#### Your goal
Please, could you print all the lines below exactly, leaving out the pictures?

#### Dataset content
========================================================================
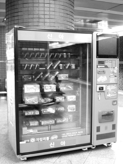 현재 지하철 1~4호선에는 과자회사인 롯데의 껌, 초코렛, 과자 및 사탕 등을 파는 자판기가 새로 설치, 가동 중이다. 올 8월말부터 판매를 시작한 이 과자 자판기는 ‘신우‘라는 회사가 서울지하철공사로부터 운영권을 따내 지하철 1~4호선, 110개 역 승강장에 184대를 설치했다.
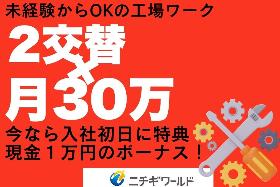 | 勤務時間 | 〈2交替〉生産状況によって 残業時間 残業:月10~20h程度あり |
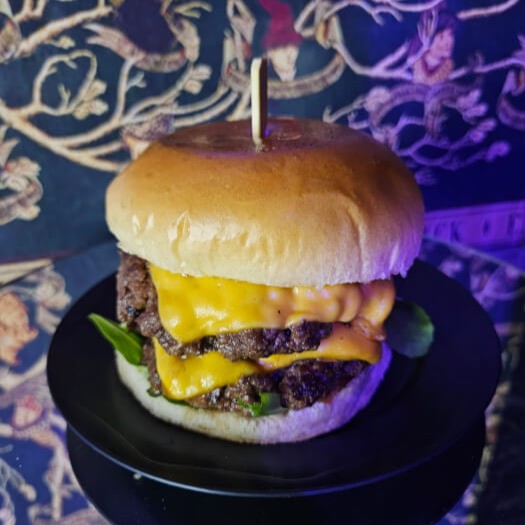 Pão de brioche, 2 Hamburguer 120gr, Rucula, Tomate Seco, Queijo Prato e Geleia de Pimenta.
========================================================================
#### Your response
 현재 지하철 1~4호선에는 과자회사인 롯데의 껌, 초코렛, 과자 및 사탕 등을 파는 자판기가 새로 설치, 가동 중이다. 올 8월말부터 판매를 시작한 이 과자 자판기는 ‘신우‘라는 회사가 서울지하철공사로부터 운영권을 따내 지하철 1~4호선, 110개 역 승강장에 184대를 설치했다.
 | 勤務時間 | 〈2交替〉生産状況によって 残業時間 残業:月10~20h程度あり |
 Pão de brioche, 2 Hamburguer 120gr, Rucula, Tomate Seco, Queijo Prato e Geleia de Pimenta.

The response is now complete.